AUTHOR=Pollard Rebecca D. , Wilkerson Matthew D. , Rajagopal Padma Sheila TITLE=Identification of germline population variants misclassified as cancer-associated somatic variants JOURNAL=Frontiers in Medicine VOLUME=11 YEAR=2024 URL=https://www.frontiersin.org/journals/medicine/articles/10.3389/fmed.2024.1361317 DOI=10.3389/fmed.2024.1361317 ISSN=2296-858X ABSTRACT=Introduction

Databases used for clinical interpretation in oncology rely on genetic data derived primarily from patients of European ancestry, leading to biases in cancer genetics research and clinical practice. One practical issue that arises in this context is the potential misclassification of multi-ancestral population variants as tumor-associated because they are not represented in reference genomes against which tumor sequencing data is aligned.

Methods

To systematically find misclassified variants, we compared somatic variants in census genes from the Catalogue of Somatic Mutations in Cancer (COSMIC) V99 with multi-ancestral population variants from the Genome Aggregation Databases’ Linkage Disequilibrium (GnomAD). By comparing genomic coordinates, reference, and alternate alleles, we could identify misclassified variants in genes associated with cancer.

Results

We found 192 of 208 genes in COSMIC’s cancer-associated census genes (92.31%) to be associated with variant misclassifications.
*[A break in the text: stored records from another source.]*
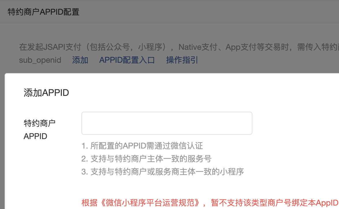 2.2 在微信支付服务商后台为子商户绑定APPID时,提示“根据小程序管理规范,该appid暂不支持绑定该商户号”或“根据《微信小程序平台运营规范》,暂不支持该类型商户号绑定本APPID”
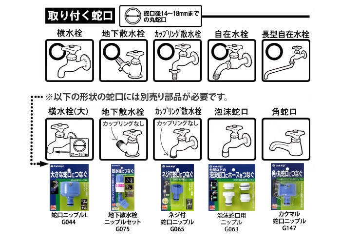 蛇口径14〜18mmまでの丸蛇口に取り付けできます。角蛇口や泡沫蛇口には別売り部品が必要です。
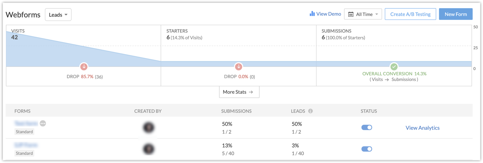 Webforms are the most commonly used method for businesses to generate leads. It is important to analyze how each webform performs so that you can take down the forms that are not performing well or make updates to enhance their performance or change the target audience to increase their reach. Analysis can also help you ensure that your forms are helping you find quality leads.
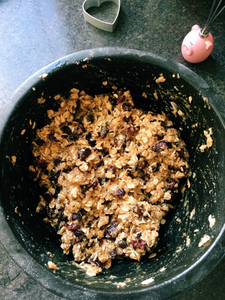 - fold in cranberries, chocolate chips and coconut
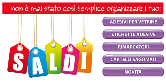 Soluzioni per organizzare i saldi, sconti o vendite promozionali. Adesivi per vetrine e per interni, etichette adesive, decorazioni per negozi e case .... e molto altro ancora...
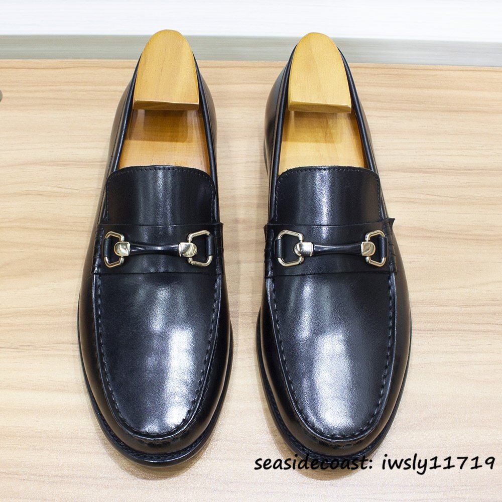 最高級★定価9万 本革 レザーシューズ 新品 ビジネスシューズ メンズ 職人手塗仕上げ 超希少 ローファー 紳士靴 牛革 革靴 ブラック 27.0cm

Among the 1,906,732 variants in COSMIC, 6,957 variants (0.36%) aligned with normal population variants in GnomAD, concerning for misclassification. The African / African American ancestral population included the greatest number of misclassified variants and also had the greatest number of unique misclassified variants.

Conclusion

The direct, systematic comparison of variants from COSMIC for co-occurrence in GnomAD supports a more accurate interpretation of tumor sequencing data and reduces bias related to genomic ancestry.